### Directions for this task
Repeat verbatim what the listing holds, but not its pictures.

### The data
+ + + + + + +
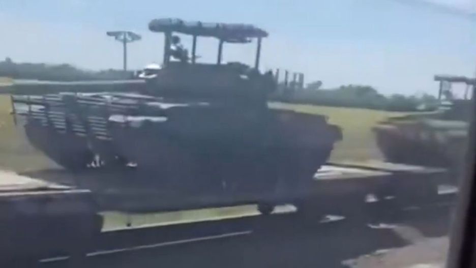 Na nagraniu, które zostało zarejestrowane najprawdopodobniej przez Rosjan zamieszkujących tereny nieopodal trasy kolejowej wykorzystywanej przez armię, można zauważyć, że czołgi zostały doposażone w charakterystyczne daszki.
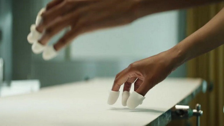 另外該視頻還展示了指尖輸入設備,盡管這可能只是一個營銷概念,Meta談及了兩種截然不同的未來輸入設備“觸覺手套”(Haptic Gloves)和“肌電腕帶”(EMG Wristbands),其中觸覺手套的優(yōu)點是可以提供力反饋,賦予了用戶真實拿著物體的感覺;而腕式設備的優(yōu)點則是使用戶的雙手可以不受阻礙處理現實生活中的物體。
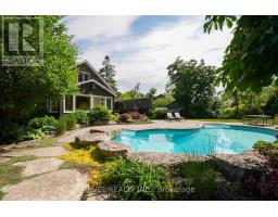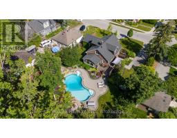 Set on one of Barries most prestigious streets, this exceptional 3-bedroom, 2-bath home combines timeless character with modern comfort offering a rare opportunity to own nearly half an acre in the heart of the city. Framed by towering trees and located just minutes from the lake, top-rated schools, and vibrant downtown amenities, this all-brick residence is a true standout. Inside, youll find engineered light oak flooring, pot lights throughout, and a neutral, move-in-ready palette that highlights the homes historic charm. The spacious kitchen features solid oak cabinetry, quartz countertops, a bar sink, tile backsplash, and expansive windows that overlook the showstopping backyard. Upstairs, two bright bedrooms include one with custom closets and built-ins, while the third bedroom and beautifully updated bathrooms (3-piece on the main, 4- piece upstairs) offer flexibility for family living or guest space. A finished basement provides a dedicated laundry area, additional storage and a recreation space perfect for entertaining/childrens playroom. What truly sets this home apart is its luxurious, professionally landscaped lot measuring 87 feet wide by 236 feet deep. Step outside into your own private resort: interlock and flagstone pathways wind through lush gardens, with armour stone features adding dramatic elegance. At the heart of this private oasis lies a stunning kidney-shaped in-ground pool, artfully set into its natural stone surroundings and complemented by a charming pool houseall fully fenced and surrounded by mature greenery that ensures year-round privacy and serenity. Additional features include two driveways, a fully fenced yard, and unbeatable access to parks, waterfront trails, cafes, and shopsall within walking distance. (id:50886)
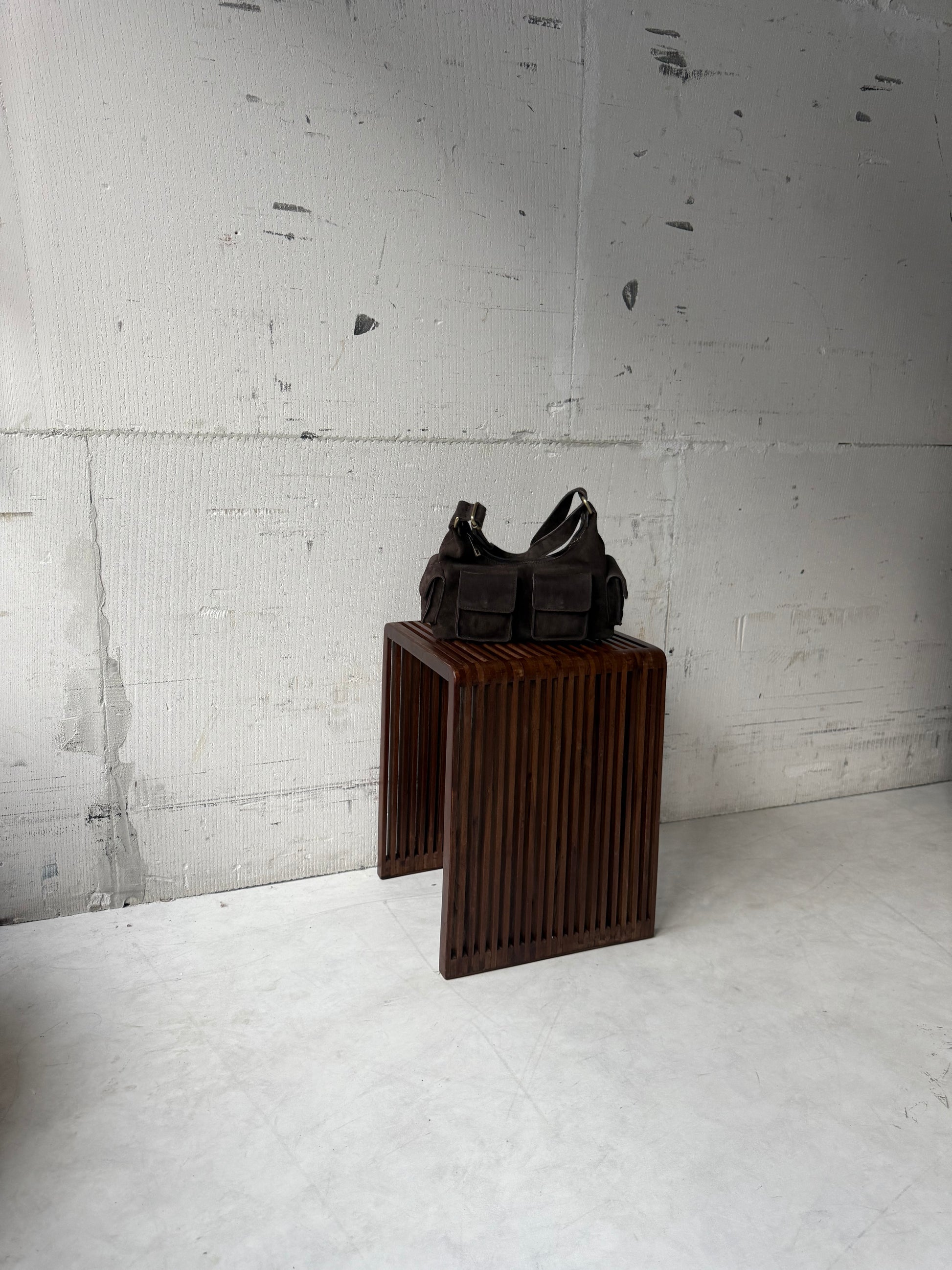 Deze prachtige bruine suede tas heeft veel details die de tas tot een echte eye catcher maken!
+ + + + + + +
### Answer to this task
 Na nagraniu, które zostało zarejestrowane najprawdopodobniej przez Rosjan zamieszkujących tereny nieopodal trasy kolejowej wykorzystywanej przez armię, można zauważyć, że czołgi zostały doposażone w charakterystyczne daszki.
 另外該視頻還展示了指尖輸入設備,盡管這可能只是一個營銷概念,Meta談及了兩種截然不同的未來輸入設備“觸覺手套”(Haptic Gloves)和“肌電腕帶”(EMG Wristbands),其中觸覺手套的優(yōu)點是可以提供力反饋,賦予了用戶真實拿著物體的感覺;而腕式設備的優(yōu)點則是使用戶的雙手可以不受阻礙處理現實生活中的物體。
 Set on one of Barries most prestigious streets, this exceptional 3-bedroom, 2-bath home combines timeless character with modern comfort offering a rare opportunity to own nearly half an acre in the heart of the city. Framed by towering trees and located just minutes from the lake, top-rated schools, and vibrant downtown amenities, this all-brick residence is a true standout. Inside, youll find engineered light oak flooring, pot lights throughout, and a neutral, move-in-ready palette that highlights the homes historic charm. The spacious kitchen features solid oak cabinetry, quartz countertops, a bar sink, tile backsplash, and expansive windows that overlook the showstopping backyard. Upstairs, two bright bedrooms include one with custom closets and built-ins, while the third bedroom and beautifully updated bathrooms (3-piece on the main, 4- piece upstairs) offer flexibility for family living or guest space. A finished basement provides a dedicated laundry area, additional storage and a recreation space perfect for entertaining/childrens playroom. What truly sets this home apart is its luxurious, professionally landscaped lot measuring 87 feet wide by 236 feet deep. Step outside into your own private resort: interlock and flagstone pathways wind through lush gardens, with armour stone features adding dramatic elegance. At the heart of this private oasis lies a stunning kidney-shaped in-ground pool, artfully set into its natural stone surroundings and complemented by a charming pool houseall fully fenced and surrounded by mature greenery that ensures year-round privacy and serenity. Additional features include two driveways, a fully fenced yard, and unbeatable access to parks, waterfront trails, cafes, and shopsall within walking distance. (id:50886)
 Deze prachtige bruine suede tas heeft veel details die de tas tot een echte eye catcher maken!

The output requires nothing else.